He may be unaware of it, but Chris Bosh delivered a big-time assist to his hometown team on Friday.
After LeBron James’ long-awaited blockbuster announcement that he was returning his talents to Cleveland to play for the Cavaliers, the Houston Rockets were frantically in the process of trading players and clearing salary cap space so they could swoop in and acquire Bosh.
Free agent Bosh, a Miami Heat teammate of James the past four seasons, was assumed by many to be leaving Miami for a four-year, $88 million contract with the Rockets.
Had that occurred, the Rockets reportedly then would have matched the three-year, $46 million offer sheet small forward Chandler Parsons signed with the Mavs on Thursday.
But on the day the NBA’s free agent flood gates finally flew open, Miami attempted to stem the tide by showering Bosh with cash and throwing a monkey wrench into the Rockets’ plans.
Not long after James announced his homecoming return to Cleveland, Bosh decided to continue his relationship with Miami and agreed to a five-year, $118 million contract with the Heat.
That left the Rockets with no Bosh and facing a future possibly without Parsons, too.
Houston wanted both players but needed to tap a complex dance to pull that off.
Signing Bosh to a mega-deal first would have allowed the Rockets to then exceed the salary cap to re-sign their own player Parsons, who is a restricted free agent.
But with Bosh staying in South Beach, Parsons isn’t as attractive at $15 million-plus per year for a team that has multiple needs.

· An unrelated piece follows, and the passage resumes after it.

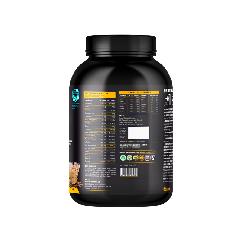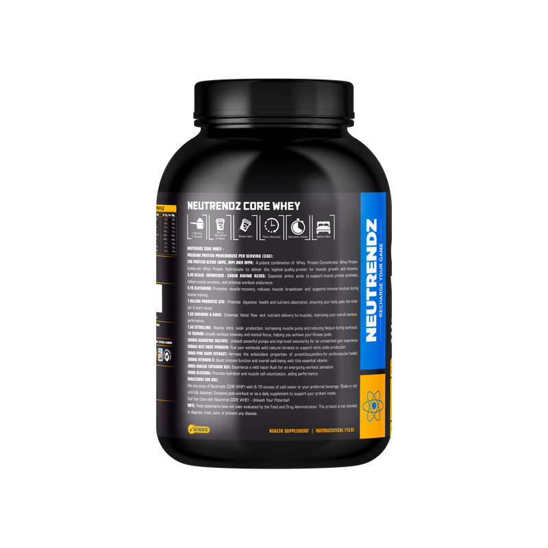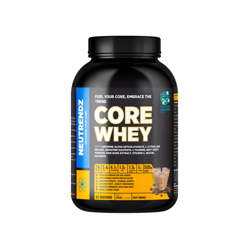 Neutrendz CORE WHEY 24g Protein in Caf? Mocha flavor delivers a perfect balance of rich coffee and creamy chocolate flavors, making it a satisfying and energizing post-workout treat. Each serving provides 24g of high-quality whey protein, promoting muscle recovery, lean muscle growth, and fat loss. The smooth mocha taste is perfect for coffee lovers looking for a protein supplement that tastes as good as it works.

Under terms of the NBA’s collective bargaining agreement, the Rockets have until 11 p.m. Sunday to decide whether they’re going to match the Mavs’ offer sheet to Parsons.
And they will likely wait until the last minute to decide, if for no other reason than to keep the Mavericks’ options limited until then.
There are reports out of Houston that the Rockets likely won’t match the offer sheet, and instead look at Washington Wizards free agent small forward Trevor Ariza, whom they believe they can get at a much lower price than Parsons.
That would be fine with the Mavericks, who view Parsons as the best available small forward for their needs, short of James.
Parsons, at 6-foot-9, 227 pounds, averaged 16.6 points, 5.5 rebounds, 4.0 assists and 1.2 steals per game last season, his third with the Rockets.
If the Mavs are able to acquire Parsons, he would line up on the front line alongside Dirk Nowitzki and Tyson Chandler.
Add in a backcourt that includes Monta Ellis and either Devin Harris or Raymond Felton, and the Mavs believe they have a formidable lineup that can compete with any team in the NBA.
After losing to the Spurs in the first round of this year’s playoffs, the Mavs knew they need someone who could stretch the floor with his perimeter shooting, attack the backboards and be a factor on defense. It helps too that Parsons is only 25 years old and could be a fixture in the Mavs’ lineup for years to come.
Still, it’s a waiting game for the Mavs. Waiting for the Rockets to get over their Bosh hangover and decide how to proceed in regards to Parsons.
If the Rockets decide to match the offer to Parsons, then it would be the Mavs’ turn to go to Plan B. That list would likely include Luol Deng, Lance Stephenson, Eric Bledsoe and Ariza.
Plan A, however, is still alive and well. Thanks to a big-time assist from a hometown kid named Bosh.